▸ **MATERIAL TO PROCESS**
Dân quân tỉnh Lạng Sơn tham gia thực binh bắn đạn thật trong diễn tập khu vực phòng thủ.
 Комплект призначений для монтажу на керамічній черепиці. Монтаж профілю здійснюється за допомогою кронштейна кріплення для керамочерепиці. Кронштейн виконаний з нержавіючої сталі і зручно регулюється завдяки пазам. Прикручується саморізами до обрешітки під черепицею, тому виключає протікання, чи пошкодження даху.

==

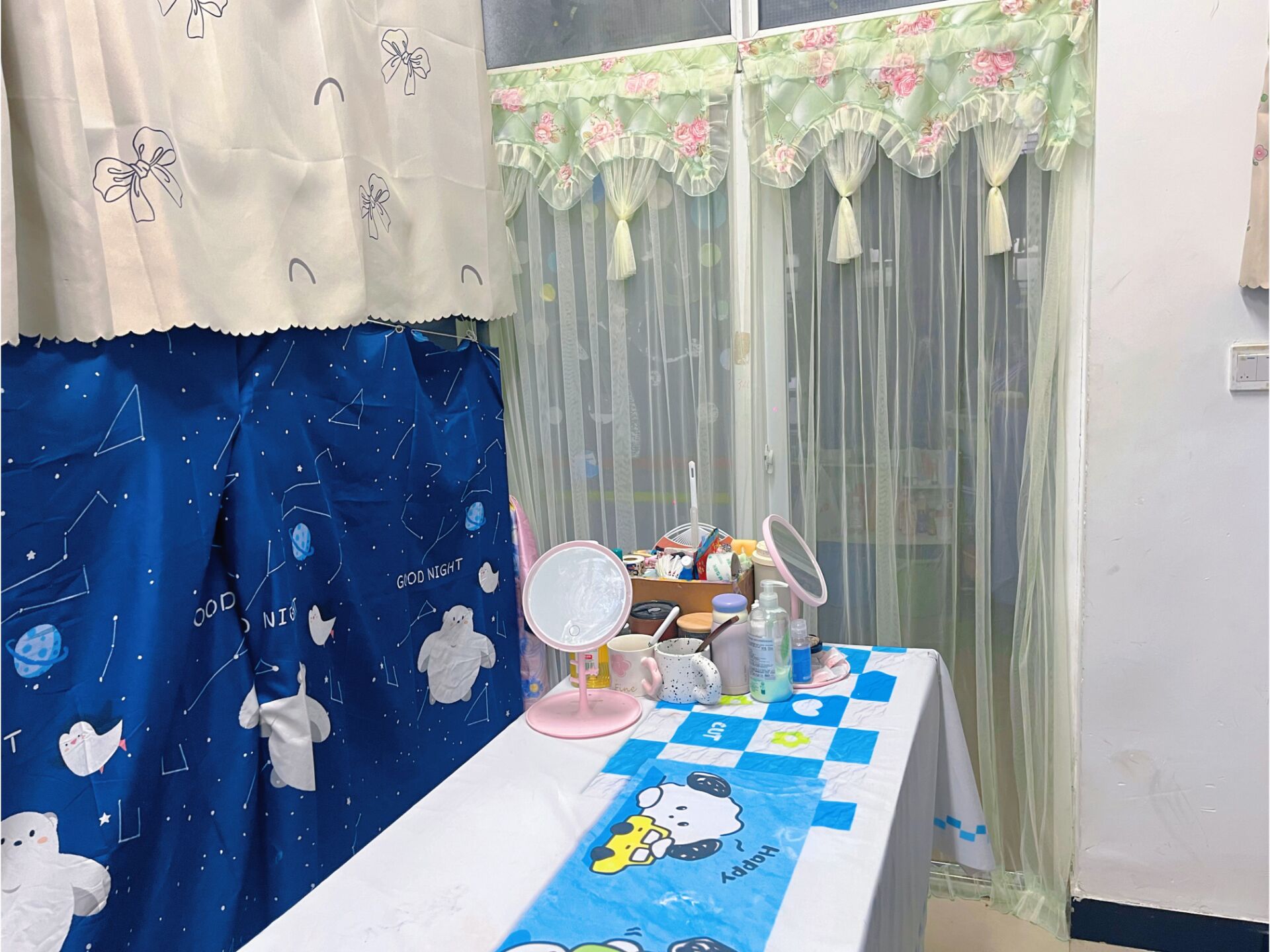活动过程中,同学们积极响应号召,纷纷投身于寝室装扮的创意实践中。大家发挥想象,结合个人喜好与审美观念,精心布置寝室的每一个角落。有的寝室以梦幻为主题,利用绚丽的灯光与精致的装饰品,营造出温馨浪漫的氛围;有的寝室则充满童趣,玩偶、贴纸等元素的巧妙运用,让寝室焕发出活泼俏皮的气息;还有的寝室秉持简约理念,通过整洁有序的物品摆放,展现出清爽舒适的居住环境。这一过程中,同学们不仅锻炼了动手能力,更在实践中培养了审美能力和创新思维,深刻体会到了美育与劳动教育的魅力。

--

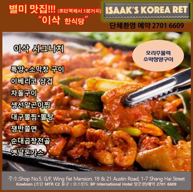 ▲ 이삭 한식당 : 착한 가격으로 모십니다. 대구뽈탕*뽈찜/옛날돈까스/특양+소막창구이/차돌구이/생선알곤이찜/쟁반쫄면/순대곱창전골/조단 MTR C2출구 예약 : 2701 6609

▸ **EXERCISE OBJECTIVE**
Transcribe the records above from the line holding "Dân quân tỉnh" down to the line holding "Комплект призначений для", inclusive, without adding anything.

▸ **SOLUTION FOR THIS TASK**
Dân quân tỉnh Lạng Sơn tham gia thực binh bắn đạn thật trong diễn tập khu vực phòng thủ.
 Комплект призначений для монтажу на керамічній черепиці. Монтаж профілю здійснюється за допомогою кронштейна кріплення для керамочерепиці. Кронштейн виконаний з нержавіючої сталі і зручно регулюється завдяки пазам. Прикручується саморізами до обрешітки під черепицею, тому виключає протікання, чи пошкодження даху.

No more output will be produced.